10) What’s a reasonable alert threshold for disk temperature?

It depends on the drive class, but sustained temperatures in the high 50s °C are a bad sign for longevity.
Trend it: if temperature rises over weeks, you likely changed airflow or density.

Conclusion: next steps you can do this week

A ZFS health dashboard isn’t a single graph. It’s a set of opinions encoded as alerts: integrity first, then latency, then capacity, then optimization.
If you track only throughput and “ONLINE,” you’ll learn about problems when users teach you—loudly.

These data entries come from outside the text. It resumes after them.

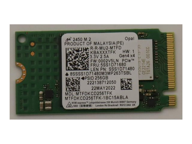 Micron - SSD - krypterat - 256 GB - inbyggd - M.2 2242 - PCIe 4.0 x4 - TCG Opal Encryption - för ThinkPad X12 Detachable 20UV, 20UW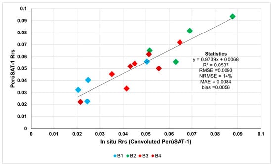Atmospheric correction has been validated with the Rrs obtained in situ. For this, the Rrs obtained during the 20 April 2023 field sampling has been convoluted to PerúSAT-1 bands. Figure 3 shows the correlation between PerúSAT-1 product data and Rrs in situ convoluted, with a relatively low error (RMSE = 0.093).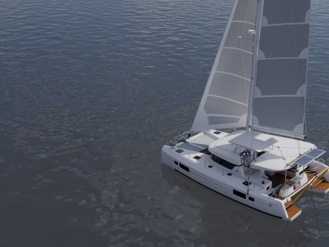 - La pension complète en cabine double sur un catamaran Lagoon 42, du J1 soir au J12 au matin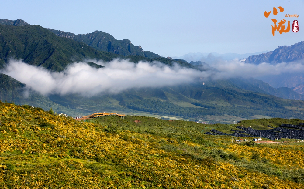 放眼望去,群山連綿,綠意盎然,萬千金星灑滿綠毯,牛羊踩著山的脊梁品讀夏日的詩行,幾朵白云橫臥于山頂,觸手可及。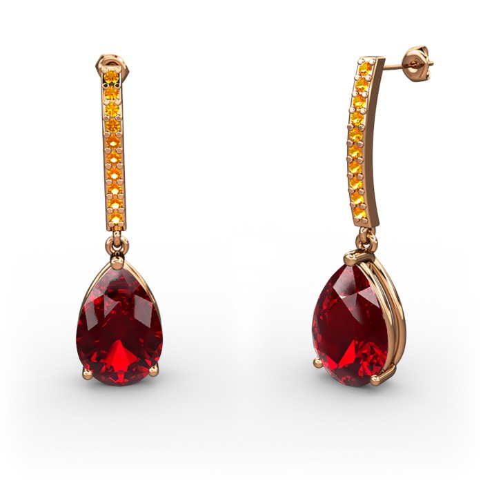 Garnet ve sitrin 18 ayar rose altın küpe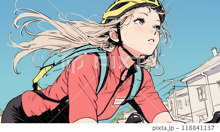 Cyclist riding on open road with mountains in the background wearing helmet and sunglasses bright colors dynamic sky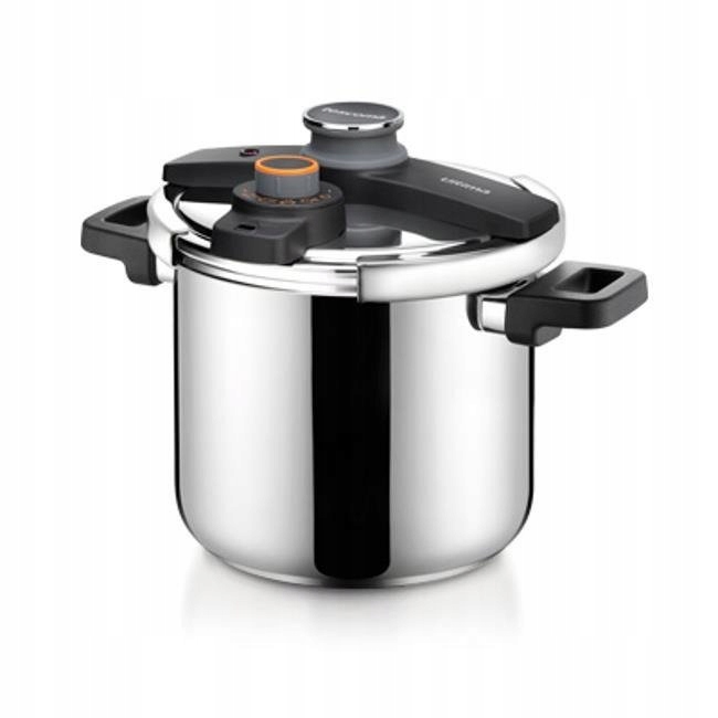 Скороварка имеет индикатор давления в кастрюле, 4 предохранительных устройства и эргономичные ручки. Скороварка изготовлена из высококачественной нержавеющей стали и прочного пластика.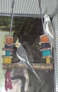 Als ich im Januar 2007 den Entschluss gefasst hatte, mir Nymphensittiche nach Hause zu holen, habe ich mich zuvor ausgiebig erkundigt auf was bei der Haltung zu achten ist. Nicht nur der Standort, und die Beschaffenheit der Voliere, sondern auch die Ernährung und die tägliche Abwechslung standen im Fokus. Das nur ein Pärchen in Frage kam, war somit von Beginn an klar. Mein Ziel war es, zu meinem Geburtstag Ende Februar, alles fertig zu haben, um mir an diesem Tag meinen großen Wunsch auch erfüllen zu können. Es wurde somit die Voliere in Auftrag gegeben und am Wochenende montiert, die Vogellampe wurde installiert, alle gefährlichen Kabel gesichert, giftige oder zweifelhafte Pflanzen ausgelagert, Schlitze verbaut, usw. Ich hatte es geschafft und konnte mir an besagtem Datum meine zwei Lieblinge in der Handlung abholen. Ich war überglücklich! Alles verlief so wie ich es mir ausgemalt hatte. Der Umzug ins neue Heim verlief ruhig und ohne Zwischenfälle.

Add front-page panels for: checksum deltas, scrub duration, pool used %, and p99 latency per vdev.
Turn SMART into trend alerts: pending/uncorrectable, reallocated, temperature, and NVMe wear.
Write one runbook page: what to do when checksum errors increase, and what to do when p99 latency spikes.
Pick a scrub schedule and make it non-optional; alert when it doesn’t happen.
Stop “performance fixes” that are actually durability tradeoffs unless you’ve made a formal risk decision.

Do those, and you’re no longer blind. You’ll still have problems—this is storage—but they’ll be problems you can see coming, quantify, and fix on your terms.